How do I define the CA-Examine resource class of CA EXAMIN to my external security manager RACF? What would a sample rule look like?
CA Examine makes SAF calls with a resource CLASS=CAEXAMIN, and one of the following entity names:
ENTITY=EXAMMON.BPXEKDA For z/OS cross-memory services to communicate with the EXAMMON address space.
ENTITY=TRAPAUTH.TEST For test traps generated through the use of DEBUG flag 16.
ENTITY=TRAPAUTH.BATCH For other traps issued in batch jobs.
ENTITY=TRAPAUTH.TSO For other traps issued from a TSO session.
The resource class can be defined to RACF using the following RACF RDEF CDT sample:
SETR CLASSACT(CDT) AUDIT(CDT) RACLIST(CDT)
RDEF CDT CAEXAMIN UACC(NONE) CDTINFO(MAXLENGTH(39) FIRST(ALPHA)

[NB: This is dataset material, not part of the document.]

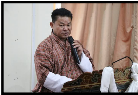
Chief Education Officer, Mongar

The 41 st Dzongkhag Education Symposium on the theme "Excellence in Education Quality and Academic Performance" was conducted from

OTHER(ALPHA,NUMERIC,NATIONAL,SPECIAL) RACLIST(ALLOWED) DEFAULTUACC(NONE) GENLIST(DISALLOWED)
SETR RACLIST(CDT) REFRESH
PERMIT EXAMMON.BPXEKDA CLASS(CAEXAMIN) ACCESS(READ) ID(USER2)
See the z/OS Security Server RACF Command Language Reference and RACF Security Administrator's Guide for additional details on the SETR, RDEF and PERMIT commands.